Widget *GetSingletonWidget()
{
 Widget *pwid = g_pwidCached;
 if (!pwid) {
  pwid = new(nothrow) Widget();
  if (pwid) {
   Widget *pwidOld = reinterpret_cast<Widget*>
       (InterlockedCompareExchangePointerRelease(
          &reinterpret_cast<PVOID&>(g_pwidCached),
          pwid, NULL));
   if (pwidOld) {
    delete pwid; // lost the race - destroy the redundant copy
    pwid = pwidOld; // use the old one
   }
  }
 }
 return pwid;
}

This is a double-check lock, but without the locking. Instead of taking lock when doing the initial construction, we just let it be a free-for-all over who gets to create the object. If five threads all reach this code at the same time, sure, let’s create five objects. After everybody creates what they think is the winning object, they called Interlocked­Compare­Exchange­Pointer­Release to attempt to update the global pointer.

The parts of the name of the Interlocked­Compare­Exchange­Pointer­Release function work like this:

  • Interlocked: The operation is atomic.
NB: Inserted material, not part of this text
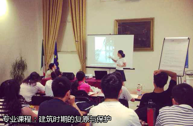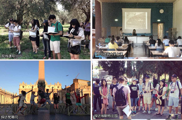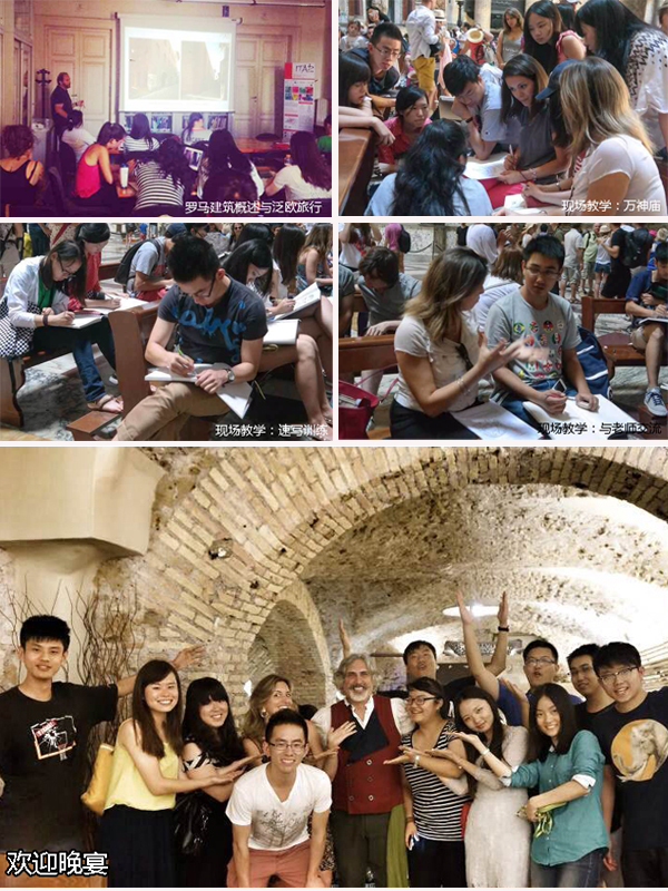 项目开展之前,双方公司就前期准备进行了深入探讨,最终确立了“现场教学和专业课程结合”的独特游学方式,由罗马建筑学会负责课程设计,多位教授参与讲授。课程主要分为专业授课和现场教学,专业授课主要针对三个方面:专业技能培训、意大利建筑史学习以及欧洲建筑设计、保护理念。现场教学则是由专业教授进行讲解,实地探访名胜古迹,现场速写,绘制分析图。除此之外,还添加了诸如参观威尼斯双年展、艺术工作室探访、企业探访等特殊项目,令同学们寓乐于学,乐在其中。

This is important to avoid two threads successfully updating the value of g_pwidCached.
  • Compare: The value in g_pwidCached is compared against NULL.
  • Exchange: If the values are equal, then g_pwidCached is set to pwid. This, combined with the comparison, ensures that only one thread gets to set the value of g_pwidCached.
  • Pointer: The operations are on pointer-sized data.
  • Release: The operation takes place with release semantics. This is important to ensure that the pwid we created is fully-constructed before we publish its pointer to other processors.

This technique is suitable when it’s okay to let multiple threads try to create the singleton (and have all the losers destroy their copy). If creating the singleton is expensive or has unwanted side-effects, then you don’t want to use the free-for-all algorithm.

Bonus reading:

  • One-Time Initialization helper functions save you from having to write all this code yourself. They deal with all the synchronization and memory barrier issues, and support both the one-person-gets-to-initialize and the free-for-all-initialization models.
  • A lazy initialization primitive for .NET provides a C# version of the same.
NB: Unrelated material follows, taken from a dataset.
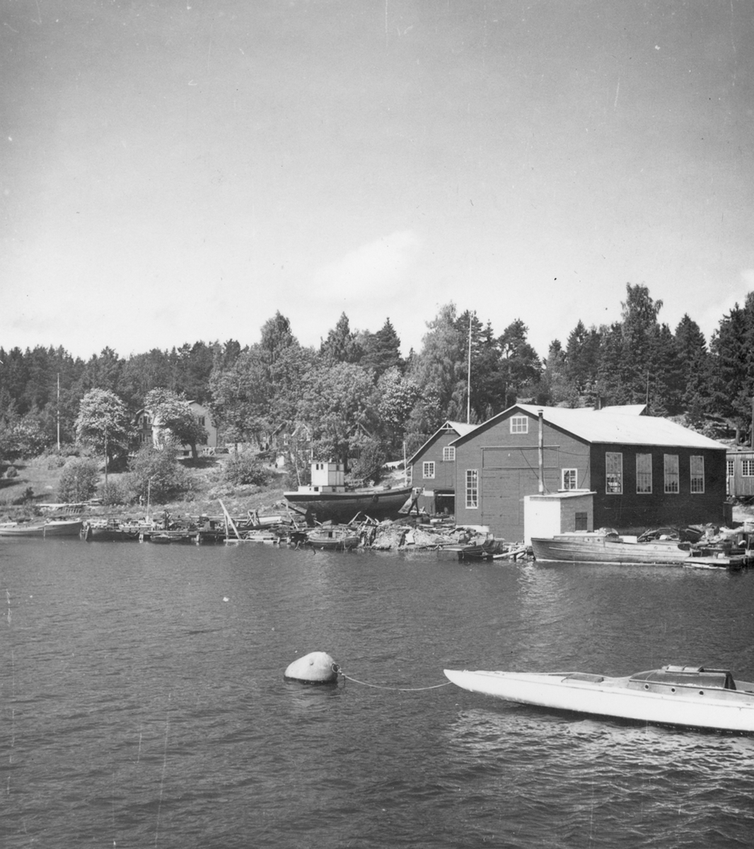 Uppland, Stockholms län, Frötuna skeppslag, Länna socken, Bergshamra. Parti av Bergshamra varv och verkstad från StO. juni 1950

Okay, now here’s the interesting exercise. This is an actual problem I helped out with, although details have been changed for expository purposes.

We have a data structure which manages a bunch of singleton objects, let’s say that they are instances of a structure called ITEMCONTROLLER and they are keyed by a 32-bit ID. We’re looking for design suggestions on making it thread-safe. The existing code goes like this (pseudocode):

struct ITEMCONTROLLER;
struct SINGLETONINFO {
 DWORD dwId;
 ITEMCONTROLLER *(*pfnCreateController)();
};

class SingletonManager {
public:
 // rgsi is an array that describes how to create the objects.
 // It's a static array, with csi in the range 20 to 50.
 SingletonManager(const SINGLETONINFO *rgsi, UINT csi)
               : m_rgsi(rgsi), m_csi(csi),
                 m_rgcs(NULL), m_ccs(0), m_ccsAlloc(0) { }
 ~SingletonManager() { ... }
 ITEMCONTROLLER *Lookup(DWORD dwId);

private:
 struct CREATEDSINGLETON {
  DWORD dwId;
  ITEMCONTROLLER *pic;
 };

private:
 const SINGLETONINFO *m_rgsi;
 int m_csi;

 // Array that describes objects we've created
 CREATEDSINGLETON *m_rgcs;
 int m_ccs;
};

ITEMCONTROLLER *SingletonManager::Lookup(DWORD dwId)
{
 int i;

 // See if we already created one
 for (i = 0; i < m_ccs; i++) {
  if (m_rgcs[i].dwId == dwId)
   return m_rgcs[i].pic;
 }

 // Not yet created - time to create one
 ITEMCONTROLLER *pic;
 for (i = 0; i < m_rgsi; i++) {
  if (m_rgsi[i].dwId == dwId) {
   pic = m_rgsi[i].pfnCreateController();
   break;
  }
 }
 if (pic == NULL) return;

 ... if m_rgcs == NULL then allocate it and update m_ccsAlloc
 ... else realloc it bigger and update m_ccsAlloc

 // append to our array so we can find it next time
 m_rgcs[m_ccs].dwId = dwId;
 m_rgcs[m_ccs].pic  = pic;
 m_ccs++;

 return pic;
}

In words, the SingletonManager takes an array of SINGLETONINFO structures, each of which contains an ID and a function to call to create the object with that ID. To look up an entry, we first check if we already created one; if so, then we just return the existing one. Otherwise, we create the object (using pfnCreateController) and add it to our array of created objects.

Our initial inclination is to put a critical section around the entire Lookup function, but maybe there's something more clever we can do here. Maybe a slim reader-writer lock?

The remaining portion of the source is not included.